Michelle had the word Lezzie tattooed on her shoulder, right above the devil child he’d been admiring. Michelle wanted to disclaim the Lezzie tattoo to Matt Dillon. Or maybe she should flaunt it. You never knew with a guy. It didn’t matter anyway, Michelle was so unable to converse with Matt Dillon that he eventually dropped her arms and returned to the record bins in search of more obscure rockabilly, leaving Michelle alone at the kiosk to sink into a shame spiral about her clothes. She was wearing a pair of cutoff camouflaged pants for god’s sake, like a man, like a butch. Her T-shirt — armless, thank god — had the Nike swoosh with the directive RIOT above it. She had gotten it at an anarchist book fair. It was impressively punk, expressed an admirable impulse, but was it sexy? No. It was enormous on Michelle. She wore combat boots on her feet, boots she hadidly scrawled stars over with a paint pen one night, bored and drunk in Stitch’s room. Her hair was crunchy and blue. She had given herself bangs during a recent bout of PMS. The only time Michelle felt deep regret at not having a lover with her in her studio apartment was when she gave herself this haircut. A lover would have stopped her. The bangs of course looked awful. Michelle could look forward to the hair poking her in the eyeballs until she gave in and pinned them back like a small dog humiliated with hair accessories.
Michelle was powerfully hungover, as she was every morning, and she had picked her outfit blindly. She wore no makeup. What was she thinking? She lived in Hollywood. The most beautiful people in the entire world lived in Hollywood. People whose good looks commanded millions of dollars, people who then used those millions to become more beautiful still. Michelle had learned a valuable lesson: do not leave the house unless you look ready to meet Matt Dillon.
If she had looked cuter perhaps she would have had the confidence to speak to him. From then on, each morning Michelle would look into the broken full-length mirror, found curbside in the Mission and lugged to Los Angeles. She would stare into its glass and ask herself: Am I ready to meet Matt Dillon? She would take the time to ring her eyes in kohl or stick a pair of earrings through the holes in her lobes, but it hardly mattered.
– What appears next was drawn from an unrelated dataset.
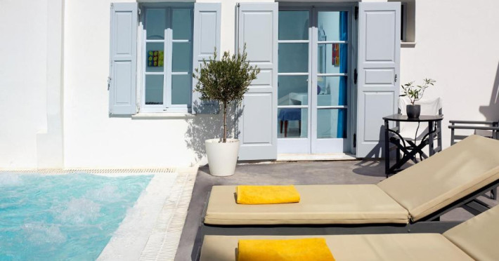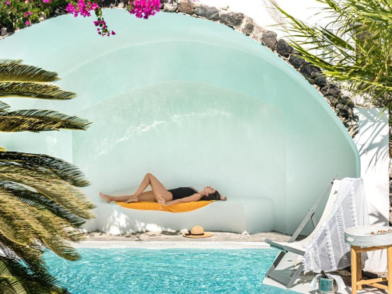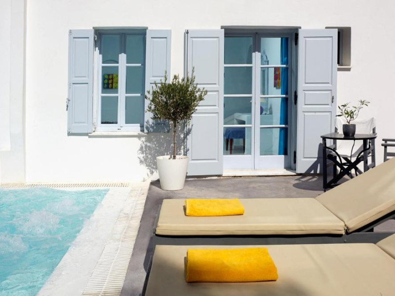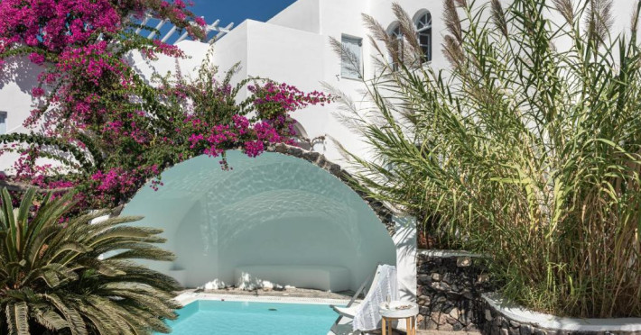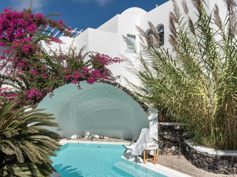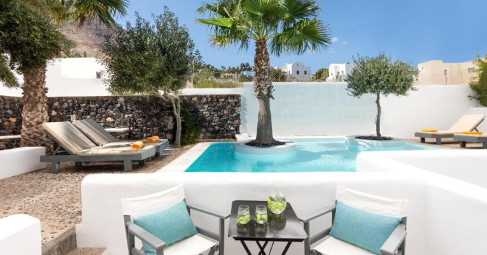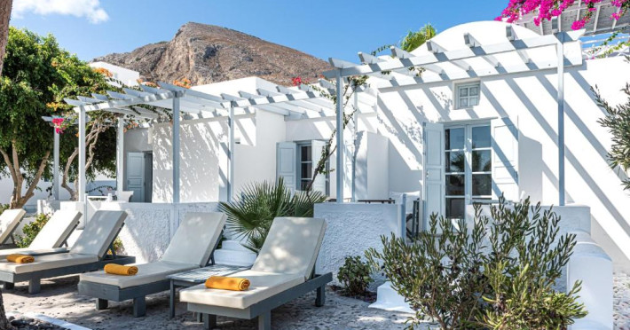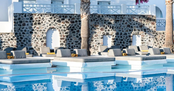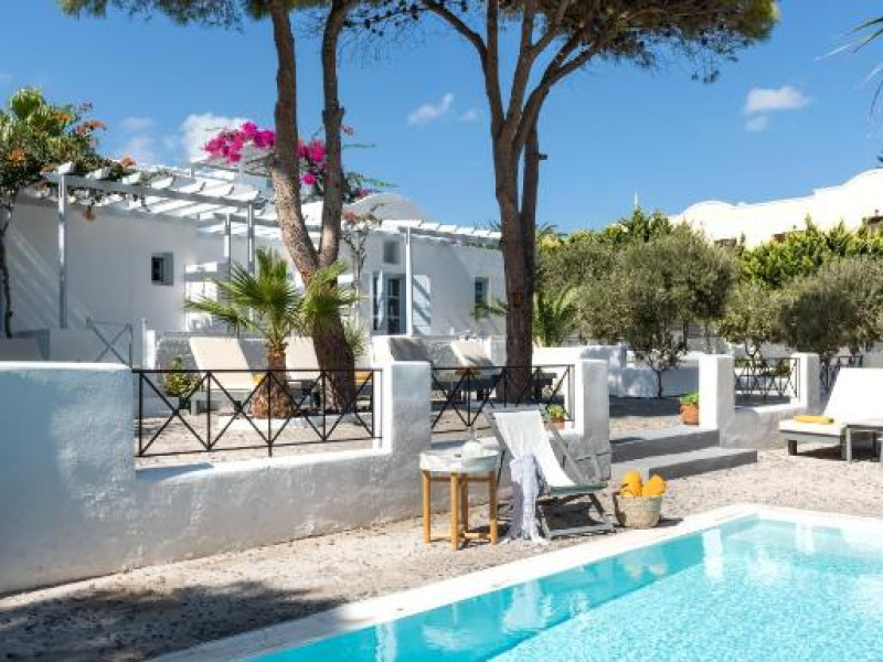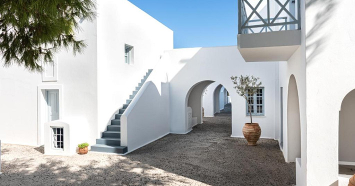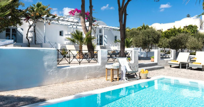 Hotelul este situat la 4 km de Aeroportul International Santorini, la 10 km de portul Athinios si la 10 km de capitala Fira. Ruinele anticei Thira se află pe un deal, la mică distantă de hotel.

She figured Matt Dillon would never return during one of her shifts. These sorts of things rarely happened twice.
Michelle stumbled from bed and answered the telephone. The curved gray screen of her little television mirrored the gray of the apartment, warped it like a fish-eye security mirror in a convenience store. Michelle caught her reflection. The bloat of her tiny booze-belly pooched out, her face was drawn and haggard, needed watering. She had untangled the dreadlocks that stubbornly overtook her head, and now her hair frizzed out around her skull, damaged and staticky. She did not look ready to meet Matt Dillon. She looked ready to meet Krusty the Clown. She looked like Sideshow Bob.
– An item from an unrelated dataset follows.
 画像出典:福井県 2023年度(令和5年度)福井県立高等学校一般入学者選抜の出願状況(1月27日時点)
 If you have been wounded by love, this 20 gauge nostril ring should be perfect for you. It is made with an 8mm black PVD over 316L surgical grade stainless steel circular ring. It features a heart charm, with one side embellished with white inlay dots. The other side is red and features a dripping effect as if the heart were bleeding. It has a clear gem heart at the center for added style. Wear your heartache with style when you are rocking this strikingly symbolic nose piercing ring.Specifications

I Have To Go Back To Bed, Michelle said. I’m Sick. She was. Her reflection had hurt her stomach. I Feel Awful.
You have to listen to me. Kyle’s voice sounded strung tight, vibrating with controlled anxiety, but Kyle often sounded anxious. Twice in high school Michelle had come home to find an ambulance out front, summoned by her brother who was sure he was having first a stroke, then a heart attack. His face felt numb and his hands tingled. His heart was racing out of control, his thin body shook with its gallop. Once inside the ambulance, his vitals being collected, he calmed. He flirted with the EMTs, charmed himself out of a bill, thank god. Kym was furious. Do you know what a ride in an ambulance costs? A thousand dollars! Are you going to pay for that?